905 W Main St, Ste 18-B Durham, NC 27701 Phone: 888-651-0122 Fax: 919-688-2615 https://www.dukeupress.edu AFFILIATED COMPANIES: Duke University, Scholarly Publishing Collective, Project Euclid. OFFICERS: Dean Smith, Director. ASSOCIATION MEMBERSHIPS, ETC.: Association of University Presses. KEY PRODUCTS AND SERVICES: Print and electronic books and journals, book and journal collections for libraries, print fulfillment and electronic hosting on behalf of partner publishers via the Scholarly Publishing Collective CORE MARKETS/CLIENTELE: Academic and public libraries, scholars/ academics, and general readers.
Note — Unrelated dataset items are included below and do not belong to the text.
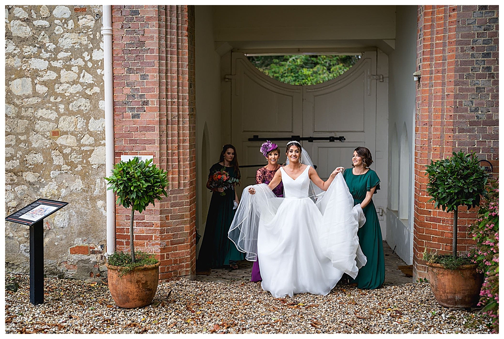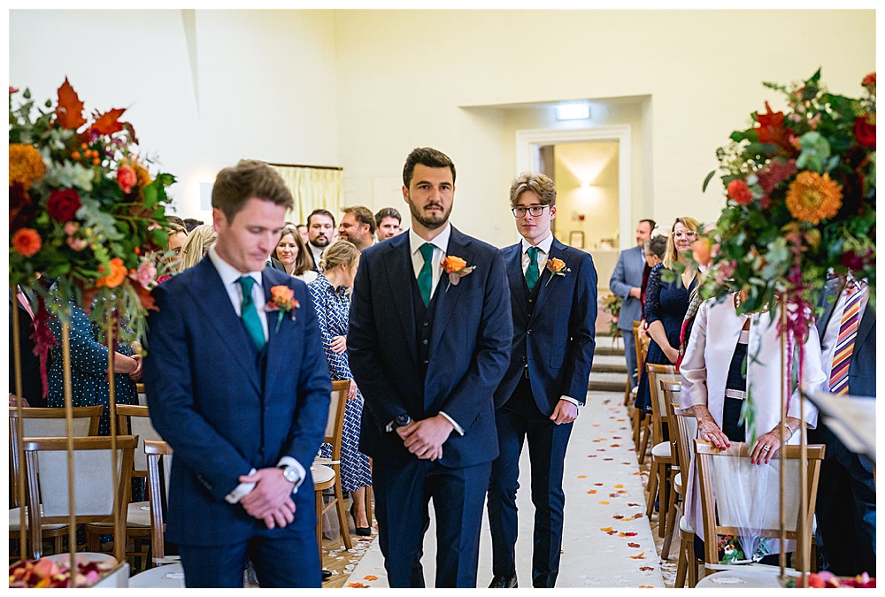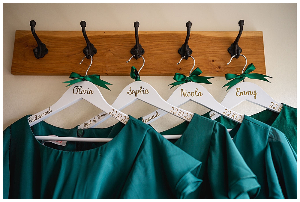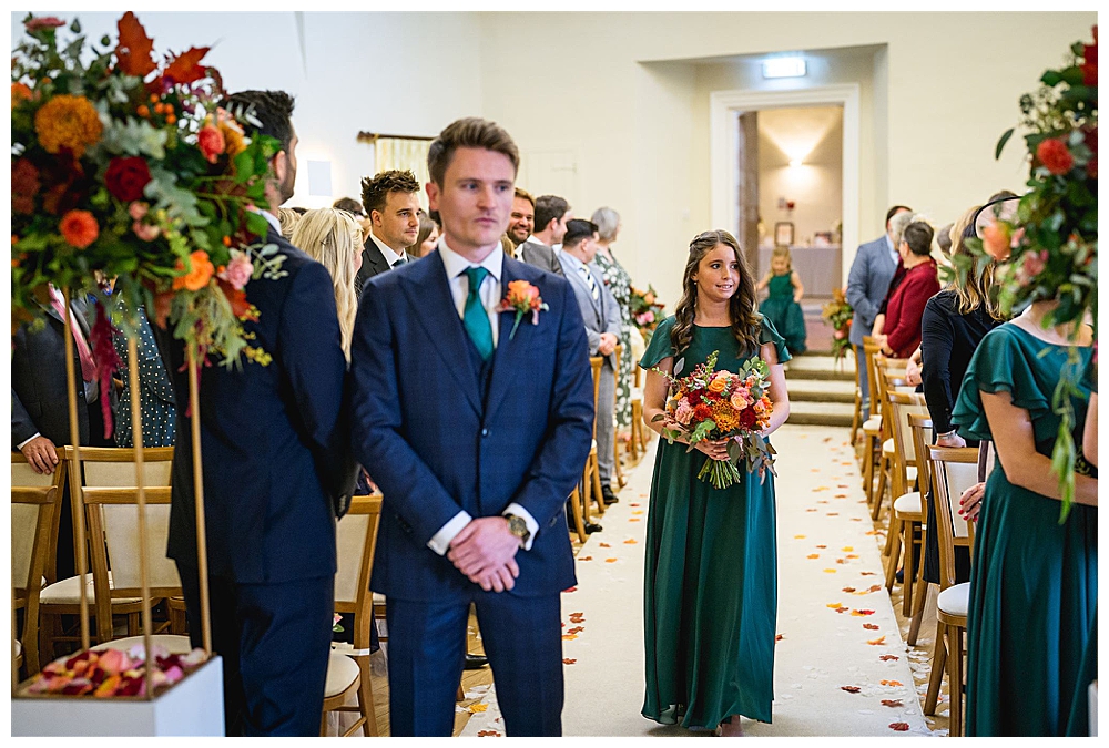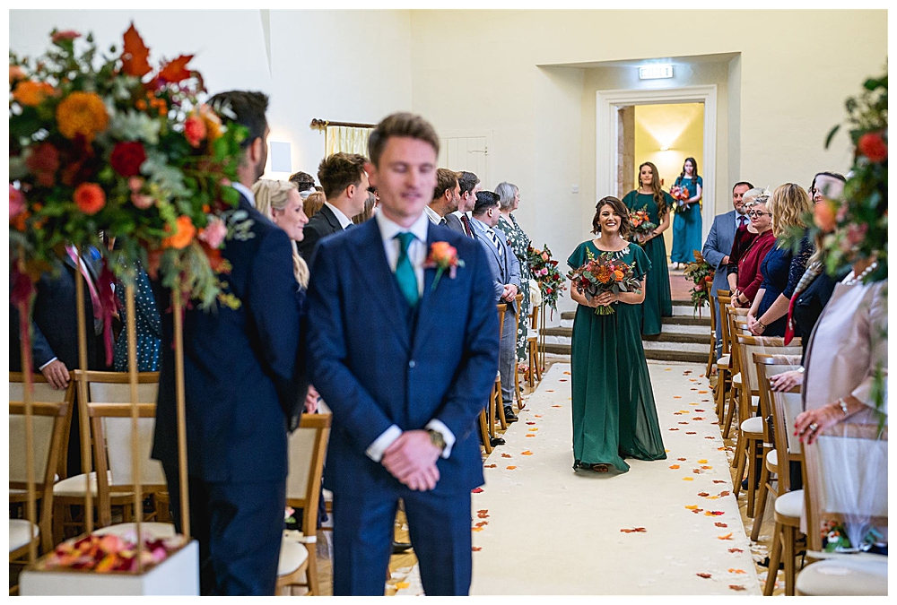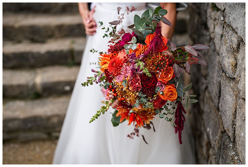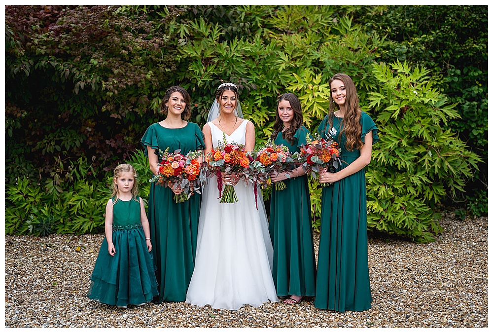 Georgie wanted to have an opulent mix of rich autumn wedding flowers in typical autumnal colours but with a little bit of a twist. So we added in some subtle pops of dusty pink and coral. This really complemented the deep burgundy red and orange shades, and mellowed them a little without reducing their impact. The bouquets stood out so beautifully against the bridesmaids deep emerald green dresses, it was the perfect backdrop colour.
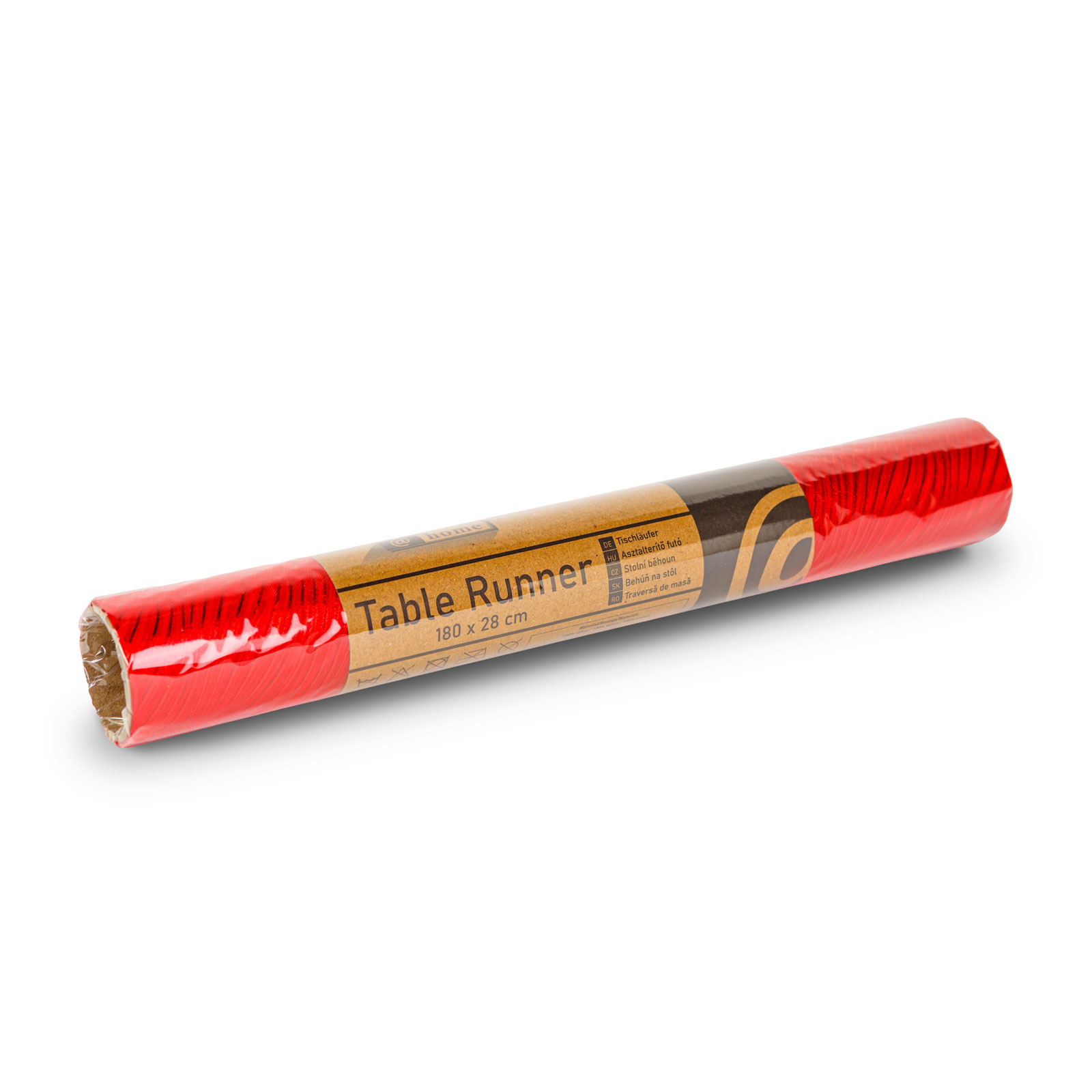Frunner decorativ de masă – 180 x 28 cm – organza – 100% nailon – roșu, model dungat Best CarHome
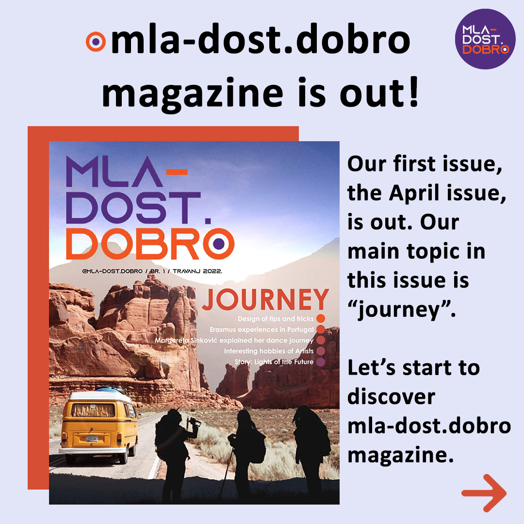 Od danas možete pročitati puno sjajnih članaka u jubilarnom prvom izdanju časopisa! Grafička dizajnerica Marija Gebert napisala je savjete za dizajn u raznim programima. Erkin Duman napisao je vrlo fascinantnu priču pod nazivom „Lights of the future“. Paula Petrinec ispričala nam je svoja Erasmus+ iskustva u vrijeme Covida, dok nam je Gabrijela Rogan ispričala priču o zanimljivim hobijima umjetnika. Profesionalna plesačica Margareta Sinković ispričala je svoj plesni put našoj volonterki Evin Arslan, a Katarina Horvat nacrtala je ilustraciju za Dan planeta Zemlje.
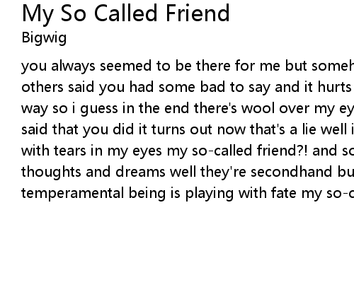 you always seemed to be there for me but somehow it seemed so superficial some others said you had some bad to say and it hurts me to think that you felt that way so i guess in the end there's wool over my eyes you said that you cared you said that you did it turns out now that's a lie well i'm not surprised just left with tears in my eyes my so-called friend?! and so i don't understand your thoughts and dreams well they're secondhand but when will we end this game your temperamental being is playing with fate my so-called friend?! |
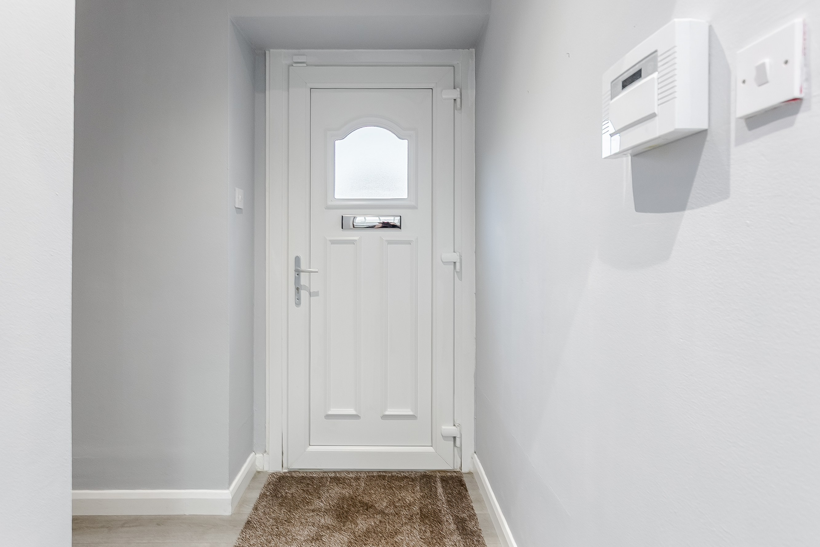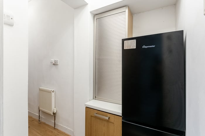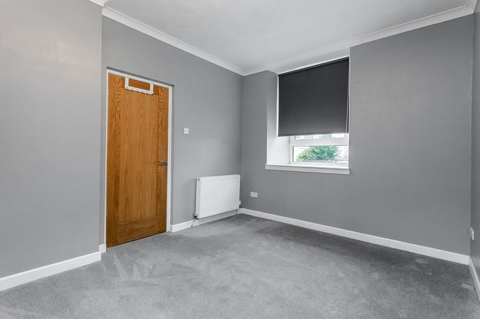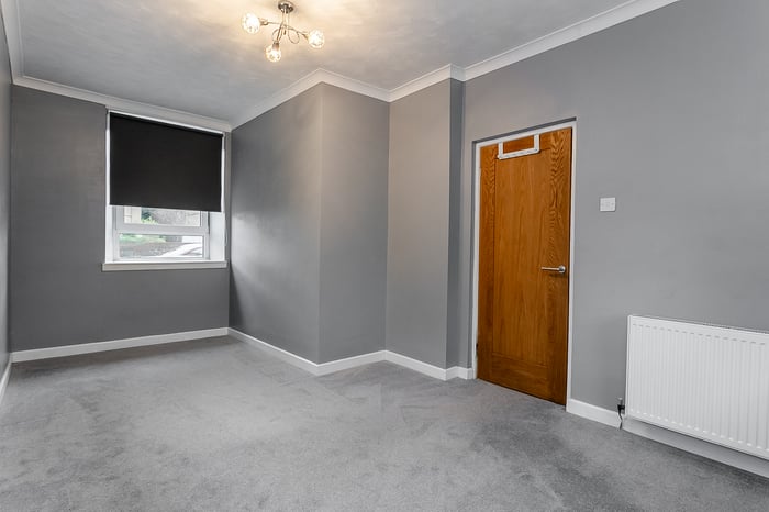 A hot water cupboard is conveniently located at the front of the property. The generously sized bedroom benefits from soft carpeted flooring, a central light fitting and plenty of space for a double bed, along with additional bedroom furniture such as wardrobes or drawers, offering a comfortable and restful retreat.
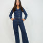 Love Laura Denim Jumpsuit In Dark Wash
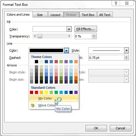 ステップ4:右側のドロップダウンメニューをクリックします色でラインウィンドウのセクション、次にクリックします色はありませんオプション。
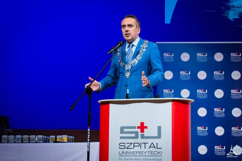 – Gratuluję wszystkim pracownikom pięknego jubileuszu. Ta niezwykła historia 80 lat pokazuje, jak zielonogórski szpital się zmieniał, jak wpisuje się w mapę medycznego bezpieczeństwa miasta. Ja to ogromnie cenię. Gratulujemy wszystkim wyróżnionym – mówił prezydent i życzył całemu zespołowi, aby kolejne lata były pełne sukcesów i zapisane złotymi zgłoskami w historii tej wspaniałej placówki.

NUMBER OF EMPLOYEES: ~110

NUMBER OF BOOKS PUBLISHED ANNUALLY (PRINT, ELECTRONIC,

OPEN ACCESS, ETC.): 150 books, print and electronic.

NUMBER OF JOURNALS PUBLISHED ANNUALLY (PRINT,

ELECTRONIC, OPEN ACCESS, ETC.): Over 60.

TOTAL NUMBER OF BOOKS ON YOUR BACKLIST (PRINT,

ELECTRONIC, ETC.): Approx. 3000. TOTAL NUMBER OF JOURNALS CURRENTLY PUBLISHED: 62

HISTORY AND BRIEF DESCRIPTION OF YOUR COMPANY/

PUBLISHING PROGRAM: Founded in 1921 as Trinity College Press, we became Duke University Press in 1926, shortly after Trinity College became Duke University. The Press’s publishing program grew rapidly in the 1990s and became particularly known for expanding interdisciplinary scholarship in the humanities and social sciences and pioneering new fields of inquiry and debate. Today, we continue to seek out new scholarly voices in emerging fields and use our digital platform to support our mission to expand the reach and readership of this important scholarship.

IS THERE ANYTHING ELSE THAT YOU THINK WOULD BE OF

INTEREST TO OUR READERS? Our Library Relations team is excited to see our colleagues in person at the Charleston Library Conference this fall.